- **EXERCISE REQUIREMENTS**
In the entries below, the word "that" appears on some lines. Copy each of those lines.

- **INFORMATION**
↓

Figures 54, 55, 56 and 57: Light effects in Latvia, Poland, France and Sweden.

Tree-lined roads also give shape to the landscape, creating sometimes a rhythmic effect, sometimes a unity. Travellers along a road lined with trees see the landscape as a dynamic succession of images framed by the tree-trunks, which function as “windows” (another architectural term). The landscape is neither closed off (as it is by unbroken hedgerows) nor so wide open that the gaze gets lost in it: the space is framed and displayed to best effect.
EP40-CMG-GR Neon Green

↑
↓

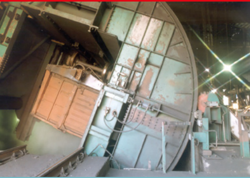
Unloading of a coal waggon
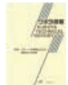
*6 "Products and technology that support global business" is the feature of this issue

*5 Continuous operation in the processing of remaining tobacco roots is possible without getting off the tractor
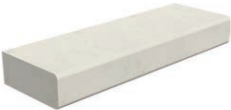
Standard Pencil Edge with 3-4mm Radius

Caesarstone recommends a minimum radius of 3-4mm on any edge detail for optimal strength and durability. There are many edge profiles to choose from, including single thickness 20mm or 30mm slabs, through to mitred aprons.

↑

- **FINISHED TASK**
Tree-lined roads also give shape to the landscape, creating sometimes a rhythmic effect, sometimes a unity. Travellers along a road lined with trees see the landscape as a dynamic succession of images framed by the tree-trunks, which function as “windows” (another architectural term). The landscape is neither closed off (as it is by unbroken hedgerows) nor so wide open that the gaze gets lost in it: the space is framed and displayed to best effect.
*6 "Products and technology that support global business" is the feature of this issue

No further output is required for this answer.